Her outsider status was confirmed when the National Press Club refused her bid to become a member. We were asked about the application denial from Winters, a spokesman for the organization that was founded in 1908 and has around 2,500 members.
Many White House reporters from large news organizations have not spoken to her, Winters said, and some of them declined to comment because of the article. But ultimately, those who denounced many in the news media as “ground zero of the left's opposition to Trump” were always going to attend chilly receptions.
In Butterworth, who is true to her words, Winters only had bottled water in her three-hour lecture.
She said she had been drinking two drinks in her life and had never done drugs. She also has an up-and-coming lifestyle brand.

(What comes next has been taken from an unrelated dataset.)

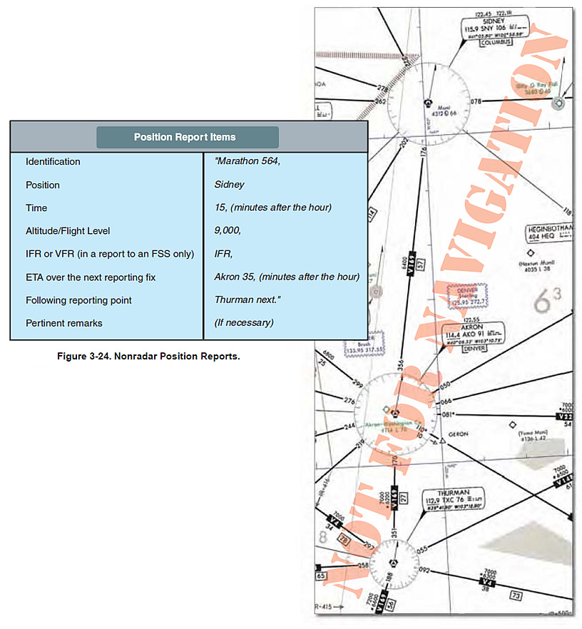 If radar contact has been lost or radar service terminated, the CFRs require pilots to provide ATC with position reports over designated VORs and intersections along their route of flight. These compulsory reporting points are depicted on NACO IFR en route charts by solid triangles. Position reports over fixes indicated by open triangles are noncompulsory reporting points, and are only necessary when requested by ATC. If on a direct course that is not on an established airway, report over the fixes used in the flight plan that define the route, since they automatically become compulsory reporting points. Compulsory reporting points also apply when conducting an IFR flight in accordance with a VFR-on-top clearance. Whether a route is on airways or direct, position reports are mandatory in a nonradar environment, and they must include specific information. A typical position report includes information pertaining to aircraft position, expected route, and estimated time of arrival (ETA). Time may be stated in minutes only when no misunderstanding is likely to occur. [Figure 3-24 on page 3-20]
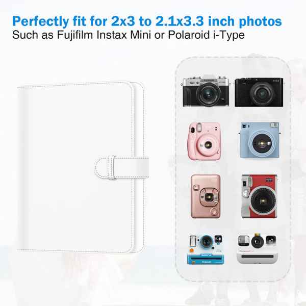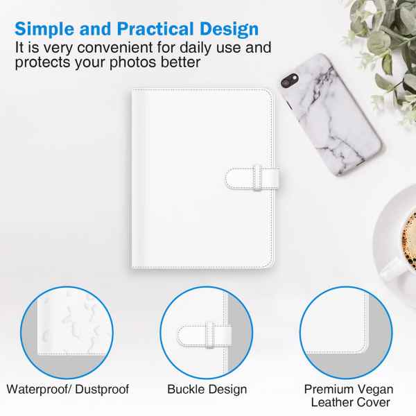 Stilingas baltos eko odos albumas, talpinantis net 256 mini nuotraukas (8 × 6 cm) – puikus būdas saugoti brangiausias akimirkas vienoje vietoje. Kompaktiškas, tvarkingas ir elegantiškas dizainas puikiai tiks tiek namams, tiek dovanai.

Items for sale include a tank top that is painted on the front “more unstable than the border” and a tote with the words “a little conspiratorial.”
The cable news network of her choice is MSNBC, and she is partially looking to produce substances. She said in another world she might have been a professor of poetry. “I'm always kidding. In my daily life, I'm really free in my heart,” she said.
She also loved “Barbie” and agreed to a monologue that American Ferrera shared. Her character says, “It's literally impossible to become a woman.” However, Winters warns that “it's really hard to be a man.” She added that she has a score for younger women than she asked her about not only career advice but also tips on how to become like her.
Like the growing Gen-Z terms, she is “anti-app”, meaning dating apps. One day, she said she wanted to settle down with a man who could become “obedient.” She added that she was unfairly treated in her past relationships.
“I'm going to get revenge,” she said. “You can see me on TV being the next big deal.”